К вопросу о проблематике «Степных очерков» Левитова
М. П. Цебовва
Писатели-шестидесятники, в том числе и А. И. Левитов, долгие годы в истории нашей литературы были незаслуженно забыты. Да и сейчас еще многие произведения Левитова, Н. Успенского, В. Слепцова, Наумова, Воронова, Нефедова являются библиографической редкостью.
Как весьма отрадное явление следует отметить выход в свет сочинений в одном томе Левитова (1956), двухтомника произведений Ф. М. Решетникова, двух томов «Русских повестей XIX века 60-х годов». Этим изданиям предпосланы обстоятельные вступительные статьи. Все это нужно рассматривать как начало большой работы по изданию и популяризации произведений шестидесятников — писателей, которых А. М. Горький называл великими своим честным и сердечным отношением к судьбам Родины, к жизни народа, к литературе — «святому делу их жизни».
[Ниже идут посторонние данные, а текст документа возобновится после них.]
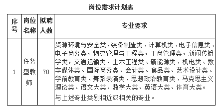 为进一步充实学院师资队伍,拟对部分专业招聘2025-2026学年度任务型教师70名,现将人才招聘有关事项公告如下:

Творчество А. И. Левитова — писателя-разночинца — созревало под непосредственным влиянием эстетики и критики Чернышевского и Добролюбова.
Основная тематика творчества Левитова — жизнь дореформенной и пореформенной деревни, положение городских низов, судьбы разночинной интеллигенции — также связывает Левитова с демократической литературой его времени.
Как и другие писатели-шестидесятники, Левитов преимущественно обращался к очерковому жанру. И это — не случайно. В 60-х годах очерк с темой народа становится основным жанром в демократической литературе. Как того требовали Чернышевский и Добролюбов, очерк 60-х годов был поставлен на службу антикрепостническому движению. В основу своих очерков писатели-шестидесятники брали документальные факты, но эти факты, благодаря художественному домыслу, становились широкими художественно-публицистическими обобщениями, часто перерастая в объединенный идейно-тематический цикл очерков («Губернские очерки» Салтыкова-Щедрина, «Письма об Осташкове» В. Слепцова, «Нравы Растеряевой улицы» Г. Успенского и др.).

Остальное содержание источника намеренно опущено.